La légalisation du cannabis a un triple enjeu : Tout d’abord, c’est un enjeu de santé publique. La levée du tabou et de l’illégalité sur la drogue permettrait de casser l’attrait de l’interdit et de faire diminuer la consommation de cannabis. Quand la marijuana a été légalisée aux Pays-Bas, les autorités sanitaires ont constaté une baisse de la consommation de cannabis. Il n’y a donc pas d’effet d’aubaine. De plus, la légalisation est l’occasion de créer une agence gouvernementale chargée du contrôle de la qualité. Aujourd’hui, l’illégalité et le marché au noir ne permettent pas de contrôler la qualité des substances présentes sur le marché. Bon nombre de marijuana sont de mauvaises qualités ou sont le fruit d’expérimentations génétiques ou sont coupées avec des substances chimiques ou naturelles mais nocives. En matière de santé publique, la légalisation permettrait d’avoir un discours public sur le cannabis et sa consommation. Cela permettrait également de mettre en œuvre des campagnes de prévention générales et ciblées vers les publics à risque. L’illégalité entraine cet effet pervers de poser une omerta sur la prévention publique de cette substance. Deuxièmement, c’est un enjeu fiscal. La légalisation pourrait permettre d’envisager la mise en place d’un circuit de distribution légal pour le cannabis. Cette vente devrait se faire évidemment sous diverses conditions. Une des conditions à la vente serait de la soumettre à des accises. L’État pourrait ainsi récolter des taxes sur la vente de cannabis. Ces taxes récoltées seraient une manne importante pour l’État, soit 2 milliards d’euros selon une étude publiée   en décembre 2014 par Think Thank Tera Nova. De plus, cette vente légalisée créerait de l’emploi et rapporterait donc à la collectivité de nouvelles cotisations sociales et participerait à la baisse du chômage. Lors de la légalisation, l’État doit prendre l’engagement de reverser une partie de la fiscalité prélevée sur la vente de cannabis pour financer la prévention des risques liés aux assuétudes et pour financer l’agence gouvernementale chargée notamment de contrôler la qualité. En dernier lieu, c’est un enjeu de sécurité. Aujourd’hui, la vente du cannabis crée un marché au noir accompagné d’une criminalité polymorphe.
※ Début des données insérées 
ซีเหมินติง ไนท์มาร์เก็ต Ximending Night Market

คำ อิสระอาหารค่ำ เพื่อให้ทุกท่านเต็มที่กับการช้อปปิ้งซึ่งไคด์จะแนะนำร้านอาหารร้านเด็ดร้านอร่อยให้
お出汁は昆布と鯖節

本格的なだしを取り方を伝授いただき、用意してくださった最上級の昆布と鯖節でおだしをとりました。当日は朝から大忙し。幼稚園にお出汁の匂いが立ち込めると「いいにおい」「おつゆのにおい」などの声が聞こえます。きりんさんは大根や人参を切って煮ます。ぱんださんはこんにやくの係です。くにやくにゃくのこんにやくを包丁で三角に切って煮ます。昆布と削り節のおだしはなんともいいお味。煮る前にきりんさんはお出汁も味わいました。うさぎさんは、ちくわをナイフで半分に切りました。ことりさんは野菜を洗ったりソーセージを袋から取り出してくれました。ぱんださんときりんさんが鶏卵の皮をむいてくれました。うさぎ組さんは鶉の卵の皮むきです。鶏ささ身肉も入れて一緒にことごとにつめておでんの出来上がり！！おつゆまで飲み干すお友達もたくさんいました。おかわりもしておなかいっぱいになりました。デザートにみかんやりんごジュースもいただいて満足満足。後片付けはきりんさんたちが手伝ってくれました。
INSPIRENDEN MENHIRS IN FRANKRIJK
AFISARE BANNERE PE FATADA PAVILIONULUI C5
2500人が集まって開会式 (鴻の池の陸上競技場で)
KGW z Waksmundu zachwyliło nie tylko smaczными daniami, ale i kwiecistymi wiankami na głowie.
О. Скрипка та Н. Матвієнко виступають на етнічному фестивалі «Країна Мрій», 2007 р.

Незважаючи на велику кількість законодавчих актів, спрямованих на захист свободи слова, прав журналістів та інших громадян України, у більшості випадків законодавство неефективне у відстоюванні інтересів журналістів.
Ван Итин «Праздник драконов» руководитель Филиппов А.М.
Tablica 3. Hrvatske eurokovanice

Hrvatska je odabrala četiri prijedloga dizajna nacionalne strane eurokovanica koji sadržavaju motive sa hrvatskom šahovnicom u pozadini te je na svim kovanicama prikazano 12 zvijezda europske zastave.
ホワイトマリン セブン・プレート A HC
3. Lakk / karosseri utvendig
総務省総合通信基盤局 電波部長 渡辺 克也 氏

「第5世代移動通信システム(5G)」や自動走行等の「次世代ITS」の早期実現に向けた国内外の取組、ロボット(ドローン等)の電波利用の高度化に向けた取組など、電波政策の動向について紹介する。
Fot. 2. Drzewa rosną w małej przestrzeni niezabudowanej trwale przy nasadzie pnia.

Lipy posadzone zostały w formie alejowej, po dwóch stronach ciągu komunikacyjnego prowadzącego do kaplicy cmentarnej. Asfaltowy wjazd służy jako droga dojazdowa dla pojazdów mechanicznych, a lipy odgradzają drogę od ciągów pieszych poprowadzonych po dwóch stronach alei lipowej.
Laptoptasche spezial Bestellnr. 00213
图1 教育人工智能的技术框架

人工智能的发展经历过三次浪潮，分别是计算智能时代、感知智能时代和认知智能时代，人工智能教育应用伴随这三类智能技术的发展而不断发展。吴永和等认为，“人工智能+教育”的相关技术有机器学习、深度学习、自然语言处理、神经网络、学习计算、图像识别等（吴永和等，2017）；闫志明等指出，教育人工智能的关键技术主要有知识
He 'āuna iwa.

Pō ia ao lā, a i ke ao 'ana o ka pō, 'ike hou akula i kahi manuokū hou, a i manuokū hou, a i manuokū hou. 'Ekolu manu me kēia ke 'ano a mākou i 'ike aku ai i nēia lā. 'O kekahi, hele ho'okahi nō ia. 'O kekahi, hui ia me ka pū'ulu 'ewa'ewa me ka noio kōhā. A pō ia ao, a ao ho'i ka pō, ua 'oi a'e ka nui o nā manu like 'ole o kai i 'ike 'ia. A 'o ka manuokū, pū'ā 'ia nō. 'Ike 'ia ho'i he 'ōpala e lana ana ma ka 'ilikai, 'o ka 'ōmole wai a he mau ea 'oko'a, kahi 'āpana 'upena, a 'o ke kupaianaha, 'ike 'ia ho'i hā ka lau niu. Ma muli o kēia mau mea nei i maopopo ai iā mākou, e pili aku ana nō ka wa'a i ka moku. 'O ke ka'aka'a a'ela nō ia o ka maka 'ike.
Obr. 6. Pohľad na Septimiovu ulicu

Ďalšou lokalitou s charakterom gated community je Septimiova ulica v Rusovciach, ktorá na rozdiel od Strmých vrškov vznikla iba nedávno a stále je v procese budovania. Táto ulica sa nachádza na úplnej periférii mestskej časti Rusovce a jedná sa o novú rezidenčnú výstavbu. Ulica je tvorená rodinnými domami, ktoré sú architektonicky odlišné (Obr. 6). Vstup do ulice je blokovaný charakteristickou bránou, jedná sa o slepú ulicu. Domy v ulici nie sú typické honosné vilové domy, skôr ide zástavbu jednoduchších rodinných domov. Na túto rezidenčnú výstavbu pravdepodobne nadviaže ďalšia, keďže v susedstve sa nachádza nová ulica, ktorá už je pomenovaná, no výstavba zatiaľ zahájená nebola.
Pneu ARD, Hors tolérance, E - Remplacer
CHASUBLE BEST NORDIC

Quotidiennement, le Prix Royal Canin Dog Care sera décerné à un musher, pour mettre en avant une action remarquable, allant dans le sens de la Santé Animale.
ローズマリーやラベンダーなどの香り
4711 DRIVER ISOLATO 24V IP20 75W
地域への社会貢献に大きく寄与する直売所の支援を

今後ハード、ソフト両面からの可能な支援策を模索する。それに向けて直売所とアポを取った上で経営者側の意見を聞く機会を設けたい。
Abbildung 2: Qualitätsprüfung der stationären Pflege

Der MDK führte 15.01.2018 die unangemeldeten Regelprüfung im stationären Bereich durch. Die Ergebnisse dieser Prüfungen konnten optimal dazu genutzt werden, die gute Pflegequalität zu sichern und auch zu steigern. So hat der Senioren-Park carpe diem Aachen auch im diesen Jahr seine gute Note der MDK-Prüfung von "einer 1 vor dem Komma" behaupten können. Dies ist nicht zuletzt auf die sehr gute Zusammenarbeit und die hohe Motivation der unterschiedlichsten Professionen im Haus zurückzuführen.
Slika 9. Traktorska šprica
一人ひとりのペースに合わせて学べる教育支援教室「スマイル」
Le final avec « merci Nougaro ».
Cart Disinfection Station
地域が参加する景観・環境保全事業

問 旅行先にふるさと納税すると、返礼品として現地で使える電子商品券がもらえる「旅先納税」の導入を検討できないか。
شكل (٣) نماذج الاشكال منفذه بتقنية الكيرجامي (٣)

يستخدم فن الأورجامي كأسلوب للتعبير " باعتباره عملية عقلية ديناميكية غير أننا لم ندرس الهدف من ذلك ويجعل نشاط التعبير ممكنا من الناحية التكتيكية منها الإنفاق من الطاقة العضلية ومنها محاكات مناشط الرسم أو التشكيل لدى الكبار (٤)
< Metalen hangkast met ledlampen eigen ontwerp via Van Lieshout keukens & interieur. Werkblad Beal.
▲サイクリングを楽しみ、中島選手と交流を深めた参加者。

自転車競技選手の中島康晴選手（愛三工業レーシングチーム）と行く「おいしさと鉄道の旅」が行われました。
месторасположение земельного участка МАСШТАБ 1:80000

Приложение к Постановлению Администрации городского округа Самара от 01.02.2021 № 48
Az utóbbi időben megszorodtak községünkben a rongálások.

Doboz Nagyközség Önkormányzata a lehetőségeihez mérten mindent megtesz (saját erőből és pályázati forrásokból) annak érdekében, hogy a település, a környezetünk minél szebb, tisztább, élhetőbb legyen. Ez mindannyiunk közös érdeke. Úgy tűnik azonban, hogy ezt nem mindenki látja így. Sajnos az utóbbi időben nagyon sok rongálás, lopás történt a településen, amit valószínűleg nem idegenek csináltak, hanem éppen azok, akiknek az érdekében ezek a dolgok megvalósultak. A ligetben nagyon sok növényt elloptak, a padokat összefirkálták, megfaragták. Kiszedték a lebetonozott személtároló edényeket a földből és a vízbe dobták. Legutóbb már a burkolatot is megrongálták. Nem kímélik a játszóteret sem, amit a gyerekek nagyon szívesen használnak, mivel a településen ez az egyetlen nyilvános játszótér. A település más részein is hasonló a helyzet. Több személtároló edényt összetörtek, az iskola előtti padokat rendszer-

La légalisation du cannabis couperait ces circuits criminels ce qui ferait donc diminuer la criminalité. 

 

DEUX INTERROGATIONS : Avec l’hypothèse d’une légalisation, l’État serait confronté à deux problèmes. D’abord, le risque d’augmentation du nombre de consommateurs. Bien que les expériences américaines – vingt-trois Etats l’ont légalisé – démontrent que ce nombre reste stable, il est impossible d’évaluer l’impact sur la population française. De plus, l’encadrement de sa vente resterait à définir : via prescription médicale, dans un « coffee-shop » ou directement chez le buraliste. Il apparaît clairement que la question – récurrente – du cannabis et de sa légalisation prendra du temps avant d’être sérieusement abordée. Pour qu’une loi autorisant son usage soit votée, il faudra que le gouvernement à son origine soit à même d’apporter des solutions aux problèmes de société les plus urgents tels le chômage ou la dette. À l’heure actuelle, François Hollande et le gouvernement Valls seraient donc incapables de proposer une telle mesure.